Kamis, 26 Juni 2025

CERITA SATPAM : Dianggap Musuh Oleh Mahasiswa?


“Kalau dianggap musuh, ya itu karena mereka melanggar aturan. Padahal kami ini menjaga harta-harta anda semua.” Satpam Universitas Kuningan
Wajah-wajah yang kerap terlihat di pintu gerbang, parkiran, atau di bawah panas matahari sering kali tak benar-benar diperhatikan. Mereka yang berseragam dan berdiri tegak dengan wajah serius. Tapi siapa sangka, di balik tubuh tegap dan suara tegas mereka, tersimpan cerita tentang dedikasi, pengorbanan, bahkan hal-hal tak terduga yang mengundang tawa. Di Universitas Kuningan, tiga satpam dengan kisah dan kepribadian berbeda, bersatu dalam satu panggilan: menjaga keamanan kampus dan kenyamanan semua warganya, terutama mahasiswa.

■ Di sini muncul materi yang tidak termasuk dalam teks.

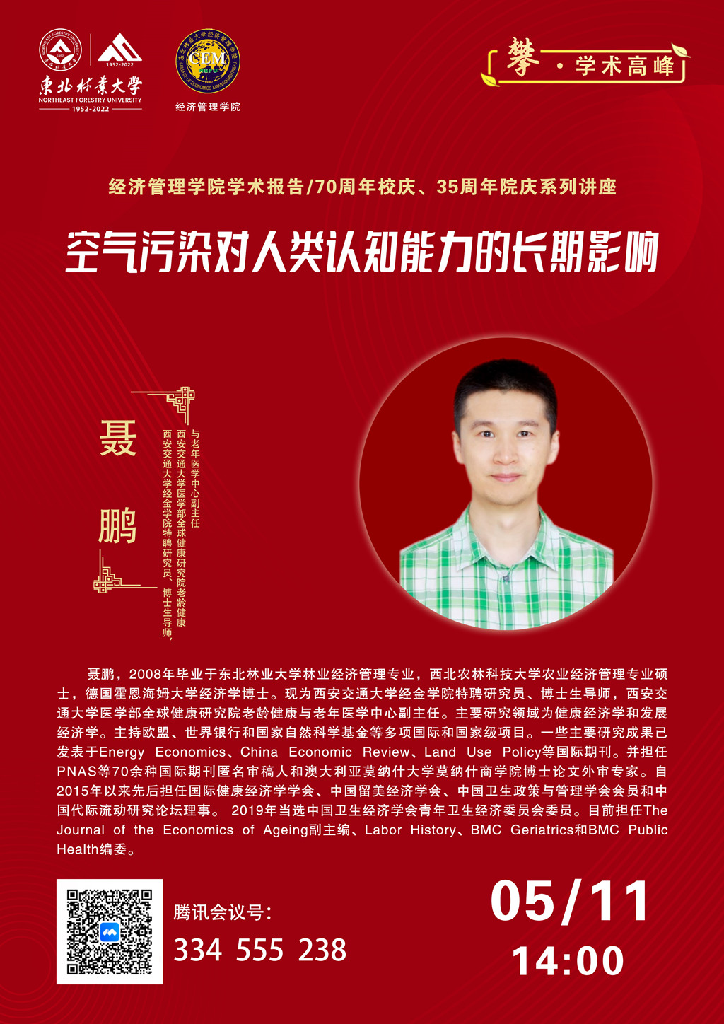 聂鹏,2008年毕业于华体会官方网页版林业经济管理专业,西北农林科技大学农业经济管理专业硕士,德国霍恩海姆大学经济学博士。现为西安交通大学经金学院特聘研究员、博士生导师,西安交通大学医学部全球健康研究院老龄健康与老年医学中心副主任。主要研究领域为健康经济学和发展经济学。主持欧盟、世界银行和国家自然科学基金等多项国际和国家级项目。一些主要研究成果已发表于Energy Economics、China Economic Review、Land Use Policy等国际期刊。并担任PNAS等70余种国际期刊匿名审稿人和澳大利亚莫纳什大学莫纳什商学院博士论文外审专家。自2015年以来先后担任国际健康经济学学会、中国留美经济学会、中国卫生政策与管理学会会员和中国代际流动研究论坛理事。2019年当选中国卫生经济学会青年卫生经济委员会委员。目前担任The Journal of the Economics of Ageing副主编、Labor History、BMC Geriatrics和BMC Public Health编委。

Tedi Kusdianto telah menjaga kampus sejak tahun 2000, artinya lebih dari 24 tahun ia menyaksikan pergerakan mahasiswa, perubahan sistem, hingga wajah-wajah baru di lingkungan kampus. Pria paruh baya ini tidak menyebut profesinya sebagai pilihan awal. “Ini karena kebutuhan hidup, bukan karena pilihan karier,” ujarnya jujur. Namun, dalam perjalanan waktu, ia membuktikan bahwa keterpaksaan bisa tumbuh menjadi ketulusan.

Ia menceritakan salah satu pengalaman yang tak bisa ia lupakan di mana patroli malam yang berubah menjadi pengalaman spiritual. “Ada aura negatif yang menarik kaki saya, melangkah pun terasa berat. Saya lawan dengan membaca ayat kursi,” tuturnya. Di waktu yang berbeda, ia juga kerap menjadi penengah ketika ada konflik kecil antar mahasiswa atau saat kehilangan barang. Ia percaya, satpam bukan hanya soal menjaga gerbang, tetapi menjaga rasa aman, bahkan ketika rasa aman itu tak selalu tampak.

Berbeda dari Tedi Kusdianto yang lebih senior, Ardi Mardiansyah telah menjadi satpam di UNIKU selama 10 tahun lebih, namun pendekatannya sangat aktif dan berorientasi solusi. Tugas utamanya berfokus pada parkiran, area yang menjadi pusat dinamika antara peraturan dan kebiasaan mahasiswa yang "ngeyel".
“ketika kita dari Satpam sudah mengarahkan ada ya kejadian lucunya gitu bilang mau pulang tapi balik lagi karena dari sininya ada yang jaga lagi dari sebelah fakultas yang mungkin mahasiswa itunya yang mau masuk ke area kelasnya jadi disuruh balik lagi ternyata dia kan bohong ” katanya sambil geleng-geleng kepala. Menurut Ardi, tantangan terbesar bukan hanya soal pelanggaran, tapi bagaimana menyampaikannya dengan cara yang bisa diterima mahasiswa. Ia percaya kunci hubungan baik adalah sopan tapi tegas. “Kalau kita ngomongnya enak, mahasiswa juga enggak akan melawan,” ujarnya.
Namun Ardi juga menyadari bahwa satu kesalahan dari satu satpam bisa merusak nama baik semuanya. “Ada yang disangka galak, lalu semua satpam dianggap sama. Padahal karakter kami beda-beda,” katanya dengan nada tenang.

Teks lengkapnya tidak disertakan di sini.